In the 1960’s federal judge John Oliver appointed Sid to represent a 25-year-old airman who had been convicted of murder and already spent seven years in the penitentiary after a military psychiatrist was persuaded to change his original judgment that the airman lacked legal capacity to commit the crime and testify at trial that the airman had, in fact, such legal capacity. Sid’s investigation and legal advocacy prompted the military psychiatrist to later admit that he had misunderstood and improperly applied the legal standards involved. As a result of Sid’s efforts, the airman’s murder conviction and dishonorable discharge were reversed and he was thereafter admitted into a VA hospital for care and treatment and the United States Air Force Manual was changed to better clarify the roles, responsibilities and standards for military psychiatrists who examine and testify about the mental capacity of service members charged with a crime.

Sid is the author of several handbooks.

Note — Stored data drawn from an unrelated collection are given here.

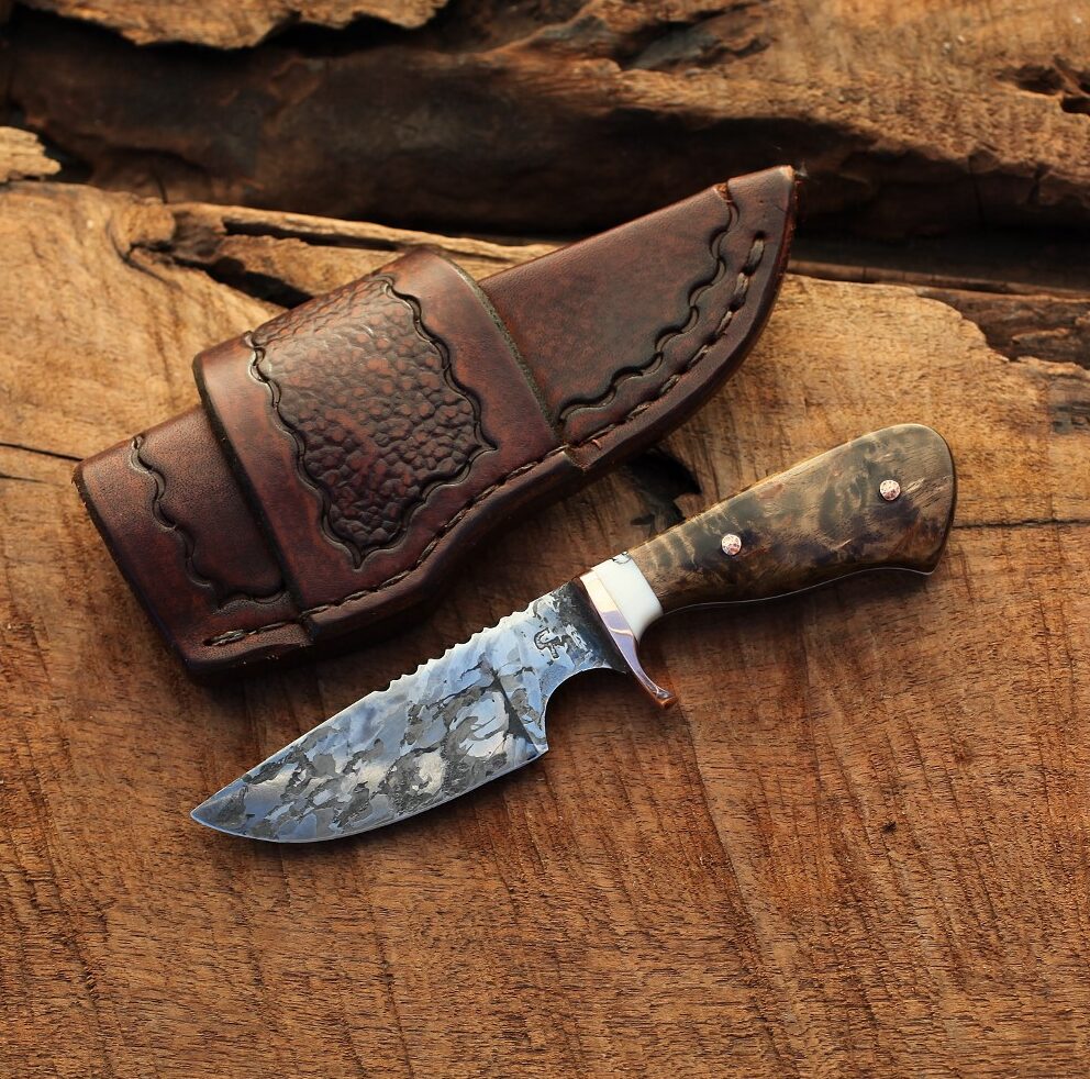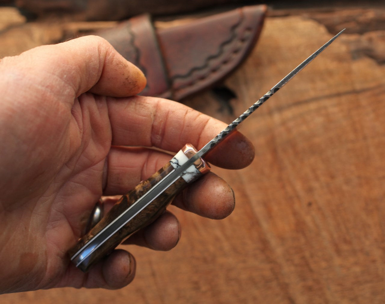 - Handle is stabilized maple burl with reconstituted white turquoise with white liners and copper fittings.
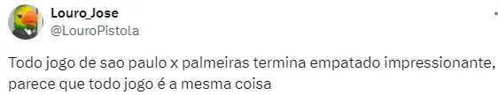 “Todo jogo de sao paulo x palmeiras termina empatado impressionante, parece que todo jogo é a mesma coisa”, completou mais um torcedor.
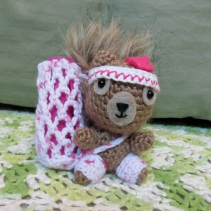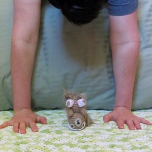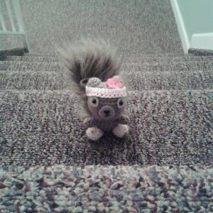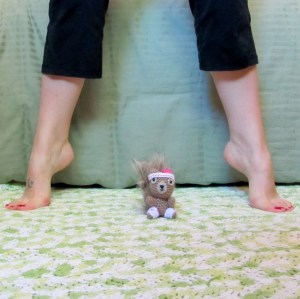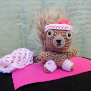 Even Podge has her own workout accessories. Over the course of the month, I made her a headband, leg warmers, gym towel, and a yoga mat and bag. Now you can make them for your squirrel friend, too, with my patterns below. And enjoy the gallery of photos from our month of exercise. Some of these really crack me up!
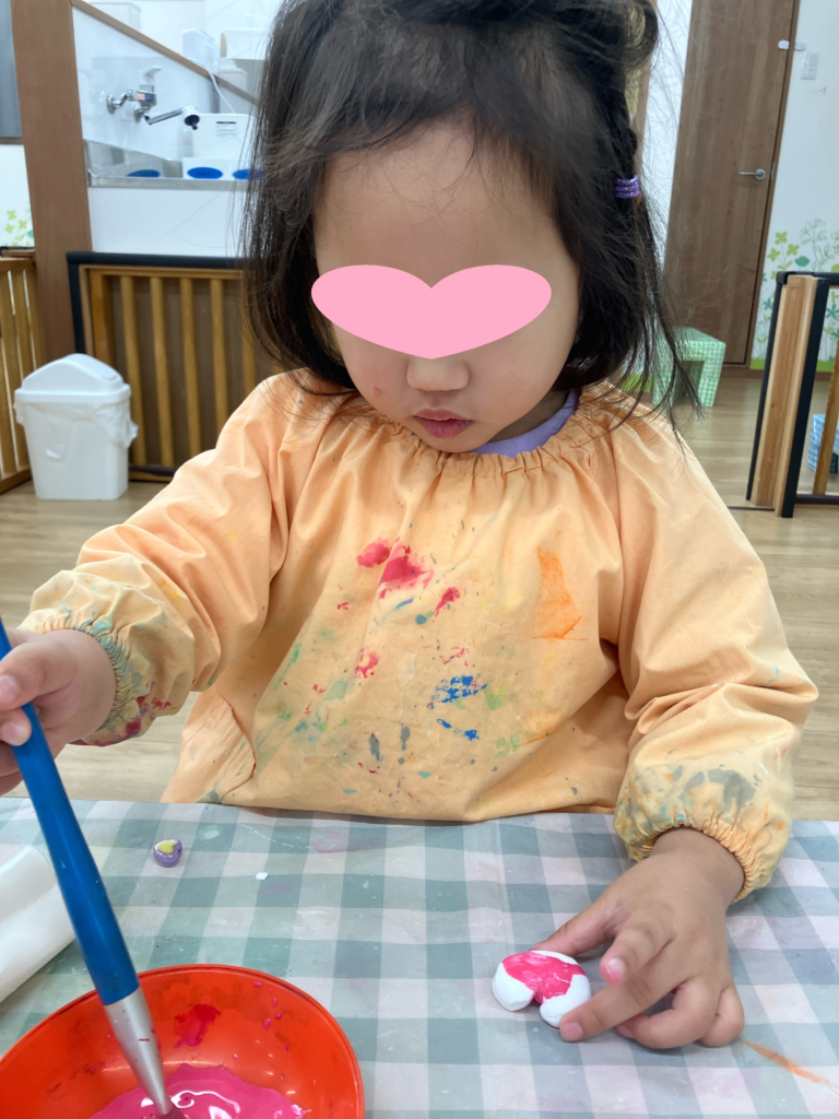 絵の具で色付け!「アクセサリー 作ってるんだよ」と教えてくれました✨
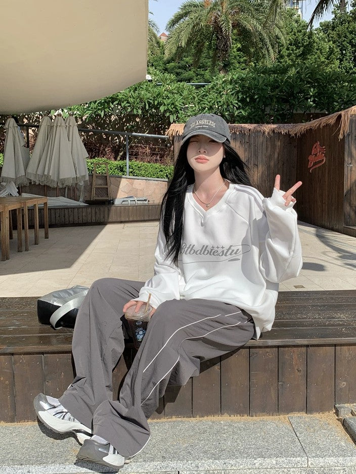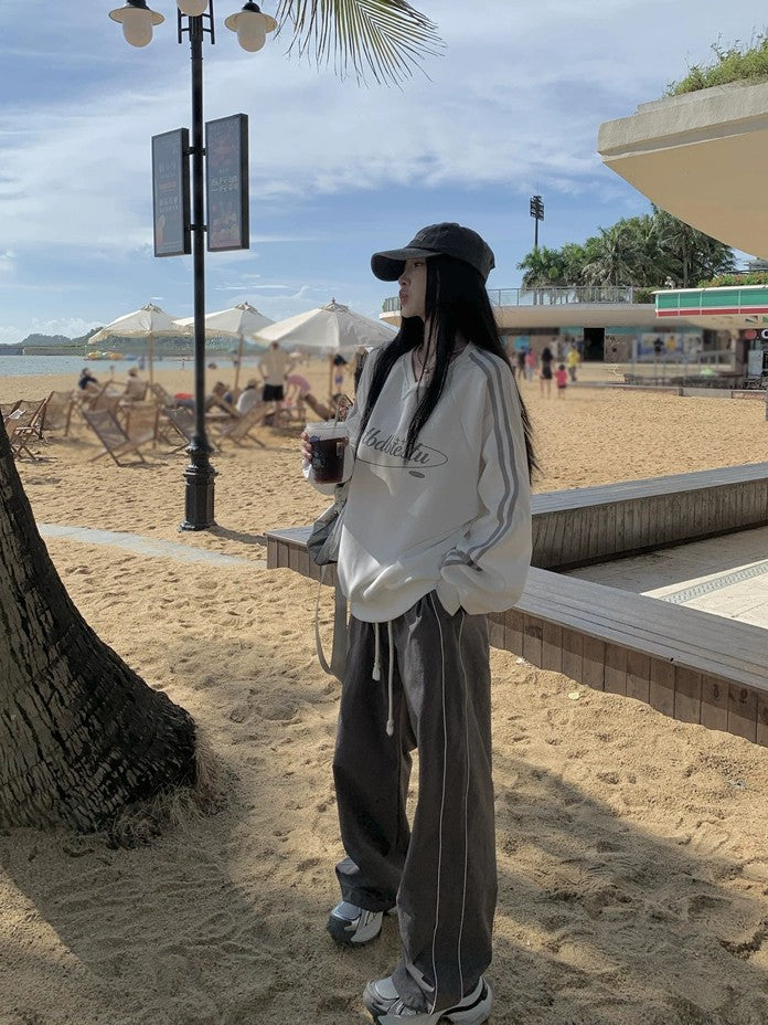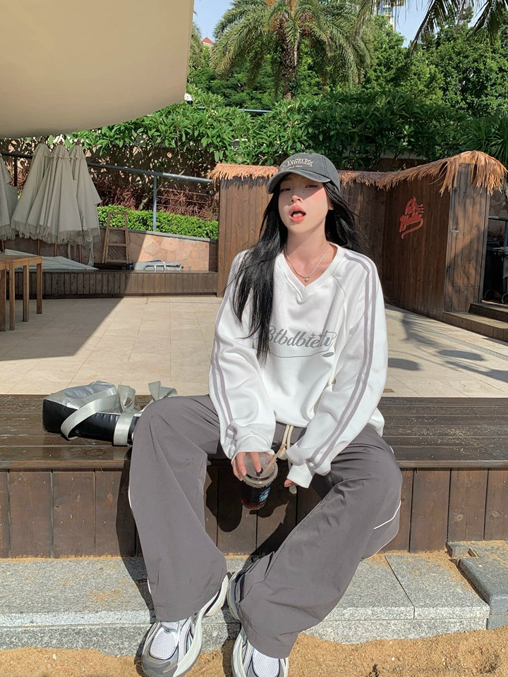 商品説明:春秋にぴったりな薄手のVネックスウェット。ヴィンテージ感のあるストライプデザインとゆったりシルエットで、男女問わず着こなせるユニセックスアイテム。カジュアルでこなれた雰囲気を演出します。
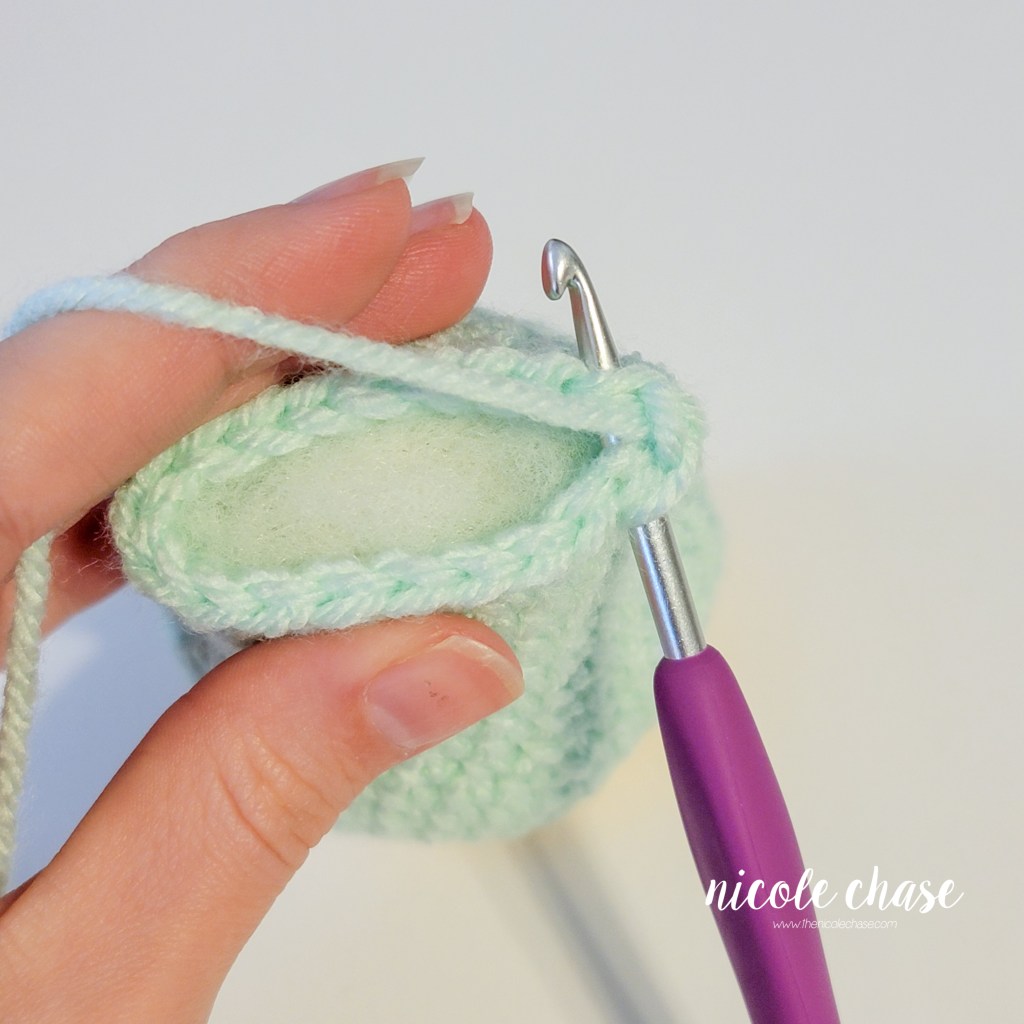 R30: *SC2tog, 1 SC in next st. Repeat from * around. (12 sts)
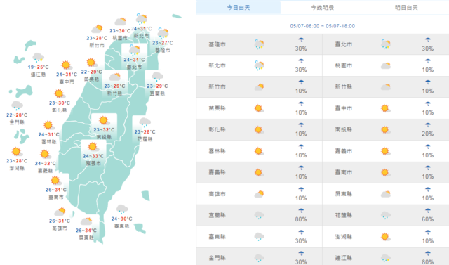 關心天氣!中央氣象局表示,今、明(7-8日)兩天鋒面位於台灣北部海面,台灣東半部地區及金門有局部短暫陣雨,午後大台北地區及西半部山區則有局部短暫雷陣雨;另白天氣溫高且紫外線強,各地高溫約29到34度。

His Ombudsman Handbook, one of the first of its kind in the country, has circulated worldwide as the ombudsman concept has spread. Another, the Observer Handbook, grew out of the 1976 Republican National Convention when Sid and the late Walt Bodine, of equal fame, recruited and organized 450 volunteers to observe and record the behavior and interactions of police and protesters in Kansas City. The presence of these volunteer observers stationed around the city and around the clock contributed to the lack of violence and riots that marred the 1968 Republican Convention in Chicago.

Sid has also authored Watch Over Witnesses, a guide for citizen court-watching programs with the goal of providing more transparency into the justice system. For several years, he taught the Law & Society Class at UMKC using a textbook that he not only authored but typed himself. Sid and Walt Bodine also teamed up for 12 years on a monthly public radio show called the Hell-Raisers where he dispensed his practical wisdom to callers aggrieved by governmental and business agencies.

For 20 years Sid reviewed books on the law and court system for the Kansas City Star. Many of those reviews became springboards for his civic causes and crusades. Sid has been very active with Boy Scouts of America since his youth. He obtained the rank of Eagle Scout and, at age 17, became one of the youngest Warriors in the Tribe of Mic-O- Say to achieve the rank of Sachem. Continuing his support and love of the organization into adulthood, Sid wrote the Handbook of Negotiations for use by professional Scouters and was invited by the National Council to lecture on the topic around the country. He led the fund-raising effort in 1989 that established the H. Roe Bartle Memorabilia Exhibit located in Bartle Hall.

Sid has received so many awards that they are too numerous to mention. His professional colleagues have honored him with the Missouri Bar President’s Award, UMKC’s law school alumni award, and UMKC’s Practitioner of the Year award. A Kansas City native, Sid says his proudest achievements are his 52-year marriage to his late wife, Lorraine, and the three children they reared. Today, Sid is the proud grandfather of seven and the great-grandfather of one. When you have that kind of luck and support, Sid says, hell-raising is heavenly.